> [Stored data]

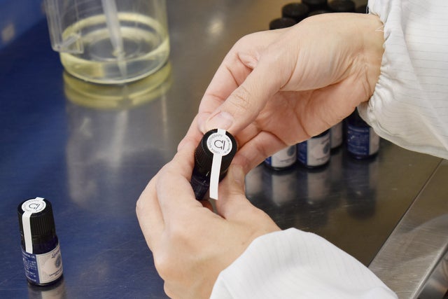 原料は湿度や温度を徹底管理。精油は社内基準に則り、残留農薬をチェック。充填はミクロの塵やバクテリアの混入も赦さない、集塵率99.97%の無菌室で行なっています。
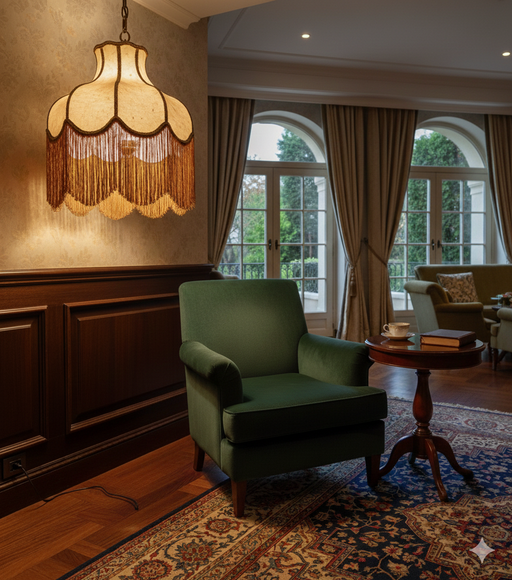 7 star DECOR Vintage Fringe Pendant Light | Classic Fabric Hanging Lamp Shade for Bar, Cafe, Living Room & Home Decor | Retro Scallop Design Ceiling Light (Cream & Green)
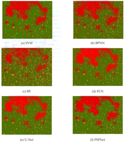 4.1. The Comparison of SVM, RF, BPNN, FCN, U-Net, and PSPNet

> [What needs to be done] Leaving out the pictures, output each line above exactly as it is.

> [Task solution]
 原料は湿度や温度を徹底管理。精油は社内基準に則り、残留農薬をチェック。充填はミクロの塵やバクテリアの混入も赦さない、集塵率99.97%の無菌室で行なっています。
 7 star DECOR Vintage Fringe Pendant Light | Classic Fabric Hanging Lamp Shade for Bar, Cafe, Living Room & Home Decor | Retro Scallop Design Ceiling Light (Cream & Green)
 4.1. The Comparison of SVM, RF, BPNN, FCN, U-Net, and PSPNet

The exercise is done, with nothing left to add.